Most financial reviews just map the surface and present the topography as the explanation. It’s a textbook approach, attributing differences to volumes, prices and mix ─ so the real story of the numbers remains hidden in a monthly or quarterly deck.

And most people are satisfied – including investors ─ because it looks like the business is understood – mix is the main driver of performance and macroeconomics explains everything else, right? 😉

The reality though is that this should just be the starting point.

What should occur next is the dig. Its like an archaeological exercise – but quicker - to understand what really happened, e.g. why was there a price difference?

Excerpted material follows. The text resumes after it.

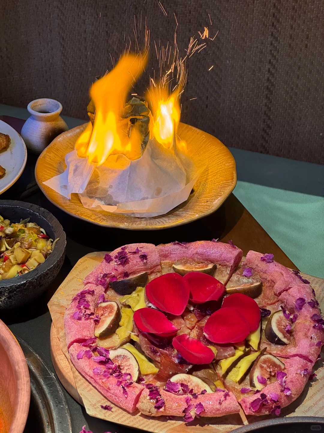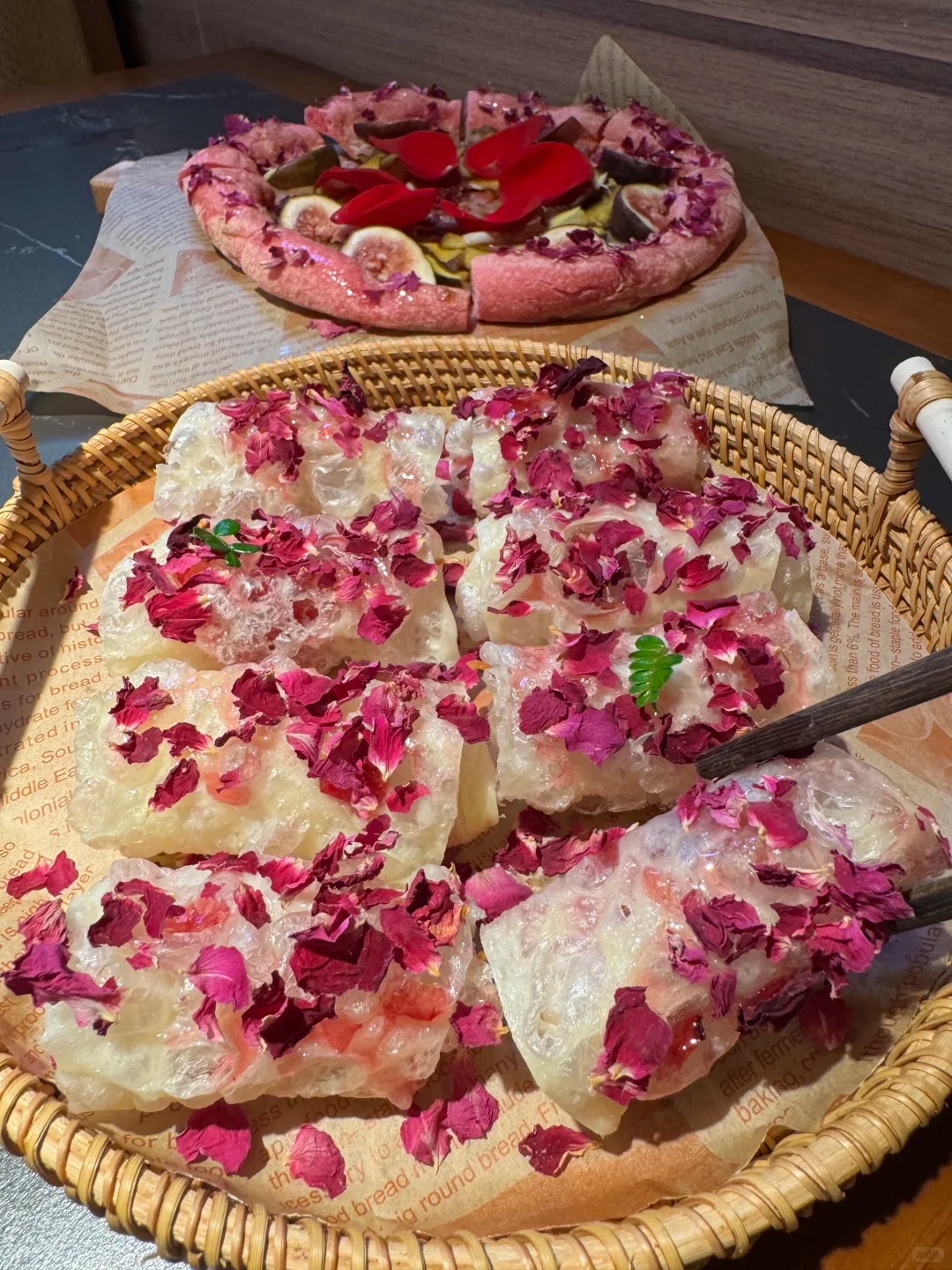 Cảm giác này có đôi chút gợi nhớ đến chiếc bánh tráng nướng mộc mạc của Đà Lạt quen thuộc với người Việt, nhưng lại mang một phong vị và đẳng cấp hoàn toàn khác biệt. Khi cắn một miếng lúc chiếc bánh vừa được đưa ra khỏi lò, độ nóng hổi làm chảy lớp phô mai béo ngậy, quyện chặt lấy vị mằn mặn, cái ngòn ngọt, dẻo thơm của nấm và chút chát nhẹ, thanh tao của hoa hồng.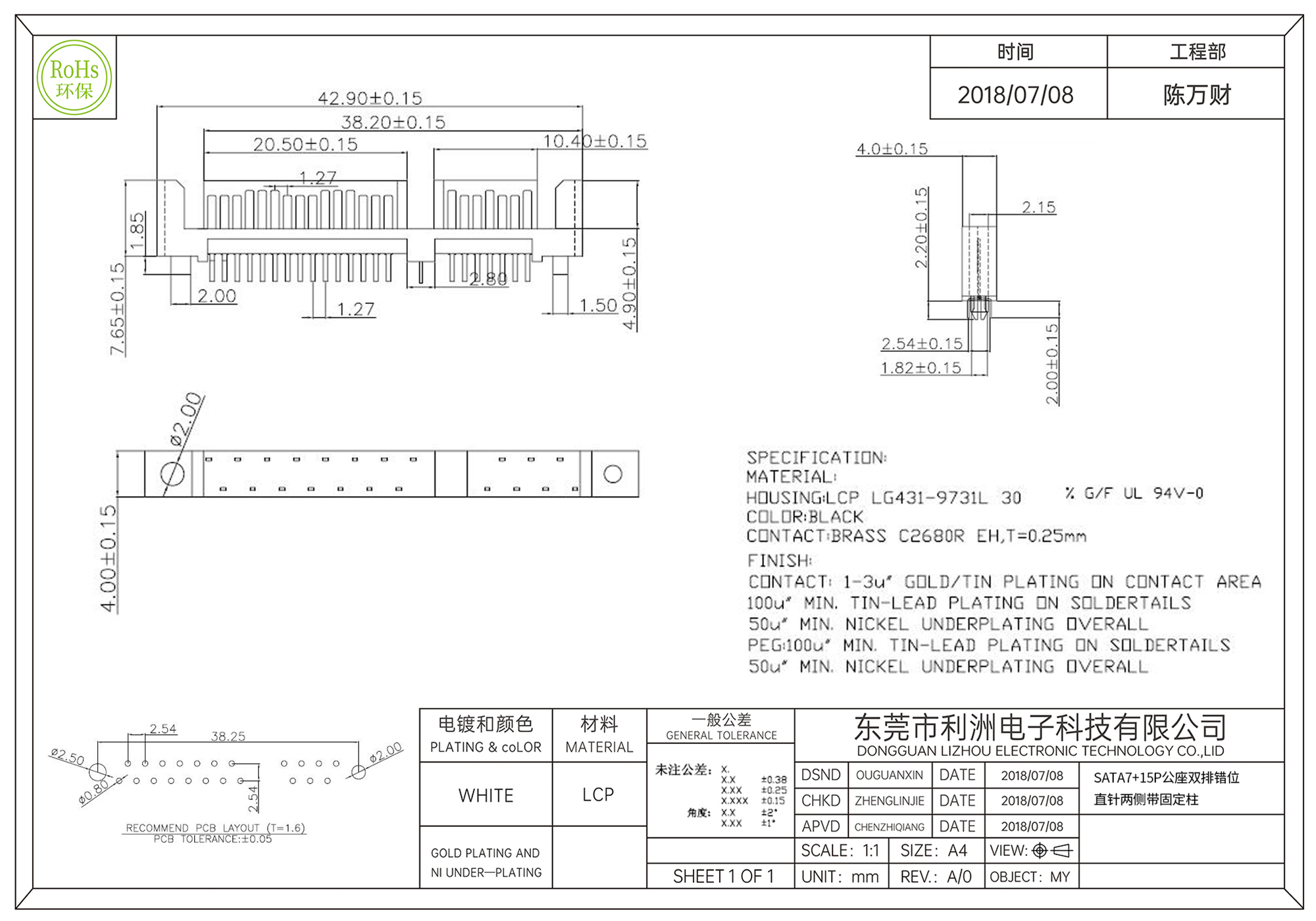 Finish Contacts: 1-3u" gold/tin plating on contact area 100u" min tin-lead plating on soldertails 50u" min nickel underplating over all

Lets look at an example: you buy a commodity, say tea, on spot and on contract. You have a mix of clients, some are linked to the contract pricing (long term fixed) and some are linked to the spot price. On paper you should be making money, more than you are – but you are not!

You can explain it away by mix – but what if you are miss-allocating stock to the wrong clients, exhausting your contract stock on spot clients while still having long term orders to fulfil at a fixed price?

It might look like price – but it is a process issue and it will keep recurring, eroding your margin, until you fix it.

Do you know what is actually happening under your numbers and why they are what they are? Or is it all volumes, mix and macroeconomics?